In a database that I developed to compare the numbers of massacres under the regimes of Generals Lucas Garcia and Rios Montt, I found that it did not matter if it went up or down the number of massacres, and that the massacres were so massive that the total Victims in Chimaltenango, Quiché, Alta Verapaz and Baja Verapaz was higher in all months of the dictatorship of General Rios Montt. After the coup of General Rios Montt on March 23, 1982, there were 85 massacres in Quiche department that took the lives of 3,180 victims in the next 12 months.
At 3.180 victims of massacres of General Rios Montt in Quiché, add that during his first 12 months in office were the next victims of massacres in other departments: in Chimaltenango, 710, in Alta Verapaz, 1.033, and only in the municipality in Rabinal, Baja Verapaz, 500. That is, not counting the other victims of massacres in other parts of the country and of the victims of disappearances and extrajudicial execution, we can attribute to General Efrain Rios Montt, only in the first 12 months of his rule, the responsibility of having massacred 5.423 Achi, Kekchi, Quiche and Cakchiquel.
During that period, General Efrain Rios Montt had command responsibility, had control de jure and de facto government and the military. His own public speeches show that he knew of the existence of these massacres and not banned, not prevented nor punished. As the person in the country with the greatest responsibility in the military command, General Efrain Rios Montt, either as the mastermind, but if it were only for not acting to prohibit, prevent and punish, as head of state, gave green light to the massacres and genocide.

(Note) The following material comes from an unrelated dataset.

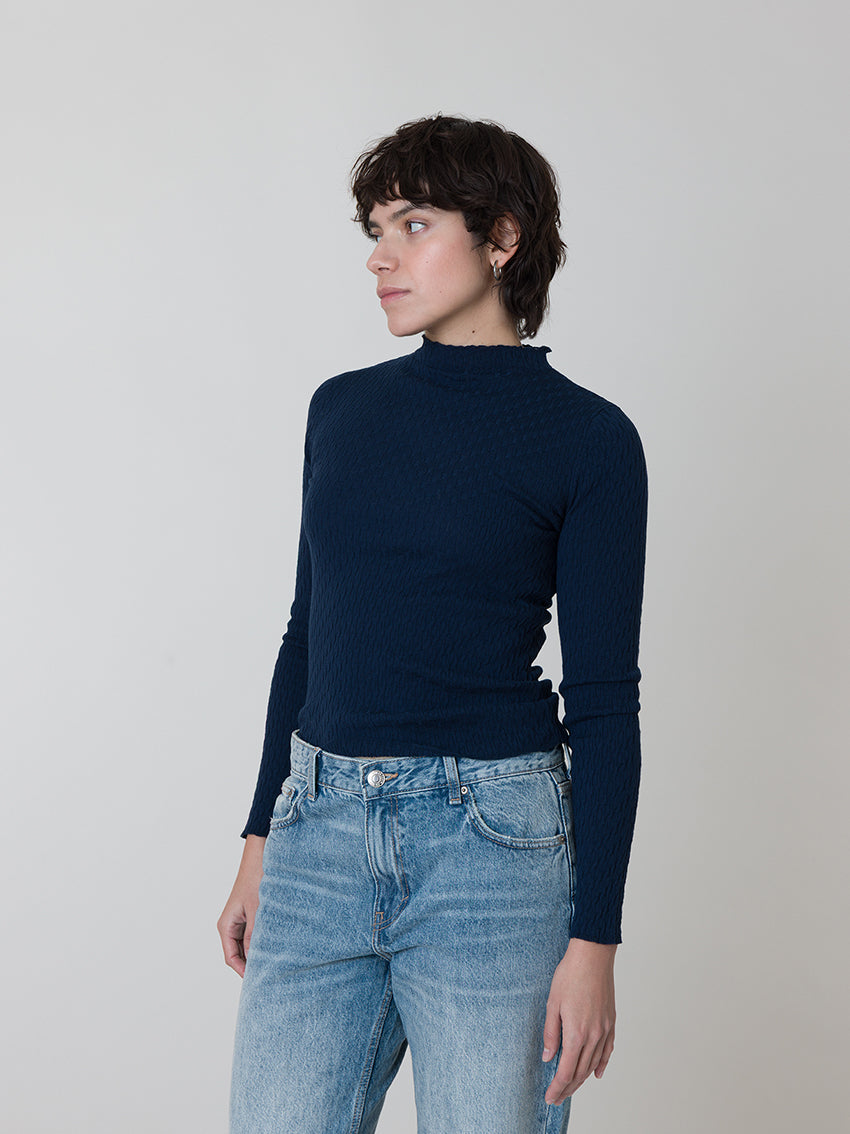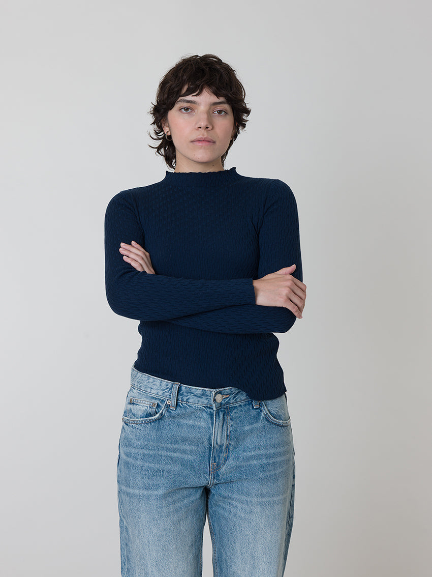 The Nisma Mockneck is knitted from fine, long-staple cotton.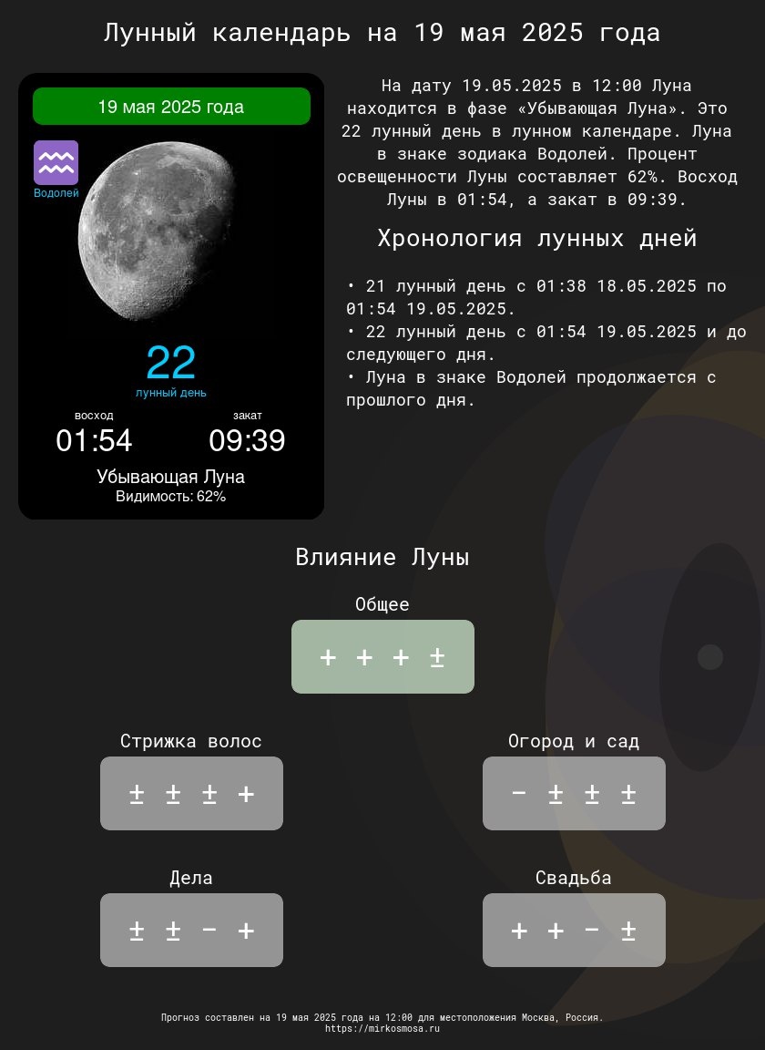 🔹🌗 Лунный календарь на 19 мая 2025 года — Что приготовила Луна? Подробнее

The defense has expressed opposition to that as part of the 14 tests are accepted, among them are military plans submitted by the prosecution, according to them for not being authentic. It also opposes declaring some experts, including leading analyst Hector Rosada, who participated in the peace negotiations representing the government.
The defense may question the other 986/2 test, experts, documents, etc.. But will have to face the testimonies of survivors. This judgment breaks the wall of impunity precisely because the victims have the opportunity to denounce the violence of genocide perpetrators directly and to the world.Each debate will be a new opportunity for Guatemalan society can be reconciled with his own story: that if there was genocide, yes there was intent to commit genocide and Rios Montt did have command responsibility. And not only Guatemalan society which has to be reconciled. Also President Otto Perez Molina has to reconcile with his role in the genocide as commander in Nebaj.Everyone should think about how long it would read not only the names of the more than 5,000 victims of Rios Montt, but the names of the 200,000 victims of the conflict.
* The author directs the Center for Human Rights and Peace Studies in New York, and is the author of La Masacre de Panzos.